He is doing that rocking thing, and is flailing around on his tummy and kicking his feet.
2. Pulling Up
He just needs me for balance now, he really almost has it.
If he would just flap his arms a little faster, or maybe he just needs to lift his head a bit more.
Signs That Scott is Still Pretty OCD:
1. There are rules for loading the dishwasher.
He should probably make a laminated layout so that we can attach it to the front for guests.
It would look something like this:
2. Even hobbies should be quanitifiable. What makes a hobby even more fun? Oh, ya. Spreadsheets and graphs. Don't you think? His latest is BrewPal, the app for my iTouch:
|image from here|
Looks fun, right? Well, maybe to some of you it does. Looks more like a buzzkill than a hobby to the wife.
3. Once something belongs somewhere, it needs to stay there.
He has decided it is illegal to re-arrange. Specifically, the two things I have ever moved are: the paper towel roll and one of the three clocks we have in the living room. Three, people. Three. One of them is gargantuan and hangs over the fireplace. You can figure out the time from anywhere in here. But, still, both of us check the new picture frame for the time before we leave.
Frustrating Baby Things:
1. Baby wipes
They don't wipe anything, more often it just looks like I'm trying to paper mache Ben's little baby butt.

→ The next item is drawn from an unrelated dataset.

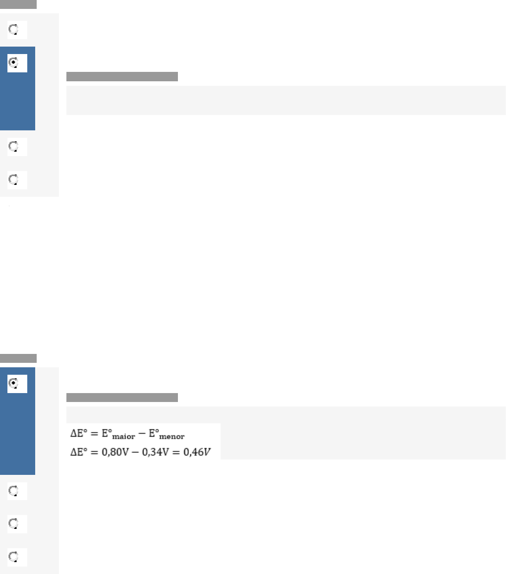 Questão 1/10 - Química Geral O Carvão é um combustível amplamente usado na indústria, principalmente siderúrgica, cuja composição quase que exclusiva é de Carbono (C) sendo obtido por mineração, quando é o carvão mineral oriundo de processos geológicos, ou do processo de carbonização de madeira, normalmente Pinho ou Eucalipto. Sobre os tipos de carvão, temos que: Nota: 10.0 A O carvão mineral representa aproximadamente 75% do carvão usado em siderúrgicas. B O carvão vegetal tem em sua obtenção um valor positivo no Crédito de Carbono. Você assinalou essa alternativa (B) Você acertou! ALTERNATIVA CORRETA (Conforme Aula 6, Tema 2) C O carvão mineral é um subproduto do petróleo. D O carvão vegetal é composto cerca de 50% em massa de Carvão (C), 6% de Hidrogênio (H) e 44% de Oxigênio (O) Questão 2/10 - Química Geral Em uma pilha galvânica, um eletrodo é cobre imerso em solução de Cu+2 1,0M e o outro é prata imerso em solução de Ag+1 1,0 M. Dados os potenciais-padrão de redução a 25°C para: Cu+2 + 2e →→ Cu° Eo = 0,34 V Ag+1 + 1e →→ Ag° Eo = 0,80 V O potencial padrão da célula para esta pilha é: Nota: 10.0 A 0,46 V Você assinalou essa alternativa (A) Você acertou! B 1,26 V C 1,94 V D 0,16 V Questão 3/10 - Química Geral Um estudo da empresa norte-americana CCTechnologies avaliou que de 1% a 5% do Produto Interno Bruto (PIB) dos países industrializados são consumidos pela corrosão. Medidas preventivas e preditivas de manutenção contra a corrosão podem levar a uma diminuição deste valor consumido em até 25%. Para medidas preventivas é importante que o engenheiro responsável esteja atento à identificação dos tipos de corrosão e tenha noções de como pode preveni-las ou mesmo corrigir as condições que possam estar levando ao processo de corrosão identificado. Dentro desse enfoque temos o tipo de corrosão mais comum, normalmente de baixa penetração e que só afeta as propriedades de uma forma mais significativa, em um tempo próximo ao da vida útil do equipamento ou instalação industrial. Que tipo de corrosão é esse? Nota: 10.0 A Corrosão Superficial ou Uniforme. Você assinalou essa alternativa (A) Você acertou! ALTERNATIVA CORRETA (Conforme Aula 6, Tema 1, Item 1.2.1) B Corrosão por Placas. C Corrosão Alveolar. D Corrosão por Pite. Questão 4/10 - Química Geral A reação de oxirredução, também conhecida como reação redox, é na verdade uma interação entre duas reações concomitantes e dependentes uma da outra, que são a reação de oxidação e a reação de redução. A reação de oxidação é aquela na qual um elemento perde elétrons, adquirindo carga positiva se transformando em um cátion. A reação de redução é aquela na qual um elemento recebe elétrons, adquirindo carga negativa e se transformando em um ânion. Um elemento só oxida por que há outro elemento reduzindo e só reduz porque há outro elemento oxidando. Portanto, na reação de oxirredução envolvendo a produção de ferrugem abaixo: Nota: 10.0 A O Ferro reduz e é agente oxidante do Oxigênio. B O Ferro oxida e é agente redutor do Oxigênio. Você assinalou essa alternativa (B) Você acertou! ALTERNATIVA CORRETA (Conforme Aula 5, Tema 1, Item 1.2.1) C O Ferro reduz e é agente redutor do Oxigênio. D O Ferro oxida e é agente oxidante do Oxigênio. Questão 5/10 - Química Geral Em uma pilha eletroquímica sempre ocorre: Nota: 10.0 A oxidação do cátodo. B movimento de elétrons no interior da solução eletrolítica. C reação com diminuição de calor. D reação de neutralização. E passagem de elétrons, no circuito externo, do ânodo para o cátodo. Você assinalou essa alternativa (E) Você acertou! Aula 5 - Eletroquímica Questão 6/10 - Química Geral Na pilha eletroquímica sempre ocorre: Nota: 10.0 A oxidação do catodo; B reação com diminuição de calor; C passagem de elétrons, no circuito externo, do anôdo para o catôdo; Você assinalou essa alternativa (C) Você acertou! D reação de neutralização. Questão 7/10 - Química Geral Uma das grandes preocupações urbanas diz respeito ao estado de deterioração das construções, devido ao fenômeno espontâneo da corrosão. Sabendo-se que a velocidade de desgaste dos materiais, como o concreto e o ferro de suas armaduras, depende da temperatura, da umidade relativa do ar, do grau de insolação e do teor de cloreto, analise as afirmativas abaixo e marque a opção correta. Nota: 10.0 A num processo espontâneo, a variação de entropia é menor do que zero B quanto maior a temperatura, maior a corrosão, por ser maior a energia de ativação C uma alta umidade relativa do ar favorece a formação de eletrólito de uma célula eletroquímica Você assinalou essa alternativa (C) Você acertou! Aula 5 D quanto maior a concentração de cloreto, maior é a velocidade de redução do ferro Questão 8/10 - Química Geral Eletroquímica é o estudo da relação entre a eletricidade e a química. Assim, é uma área de estudos da química que engloba conceitos de física e de química integrados (físico-química) no estudo de reações químicas de transferência de elétrons para gerar energia elétrica, ou a aplicação da energia elétrica para gerar ou inibir reações químicas de transferência de elétrons. Como são chamadas estas reações? Nota: 10.0 A Reações de adição. B Reações de condensação. C Reações de combustão. D Reações de oxirredução. Você assinalou essa alternativa (D) Você acertou! ALTERNATIVA CORRETA (Conforme Aula 5, Tema 1, Item 1.2.1) Questão 9/10 - Química Geral Uma reação química é o resultado da interação entre substâncias para gerar outras substâncias. As substâncias que reagem para formar outras substâncias são chamadas de Reagentes. As substâncias geradas são chamadas de Produtos. Assim, se reagirmos a substância AxBy com a substância CzDw para gerarmos EkFl e GmHn, como escrevere

DIS. GUSS. TANG. Lumpy, sticks to everything from the microwave to the floor but avoids water or the inside of the bottle. Smells horrid. On the up side, Ben seems to like it.
Making them, and cleaning them, specifically. I have nothing more witty to say on the subject other than this is CONSTANT and BOOBS ARE WAY EASIER!
Random Bonus Funniness:
Scott wrote me a program to title my pictures with the time and date. He named it Autosave. Recently I found a bug that prevents it from working with more than 100 items at a time. Worse, it will randomly choose those items, which makes the result confusing. To make a living, he works on a huge launch program for the Air Force. Thats a simplified way to explain what he does. So, when I came to him with my fix-it needs, he told me I should fill out a bug report. This is how it looked when I was through with it:
what happened: it gave me crap.
what should have happened: it shouldn't have given me crap.
what computer were you using: your mom.
steps to reproduce the problem: try to use it.
recommended severity: threat to national security. code purple.
impact: I got really pissed off.
in short- it will only autosave a limit of 100 items. so I have to split up the photos/videos into two folders and do it twice. I didn't really get pissed off. that part was a lie. And also, the computer I was using had nothing to do with your mom. That was also a lie.
-------I'm nothing if not honest.
Scott is obsessed with Tiger Woods Golf lately and he says the game cheats. I don't understand why that comes as a surprise to him. It is Tiger's game, after all.
We either have mice, or I need to stop handing things to Ben at the grocery store.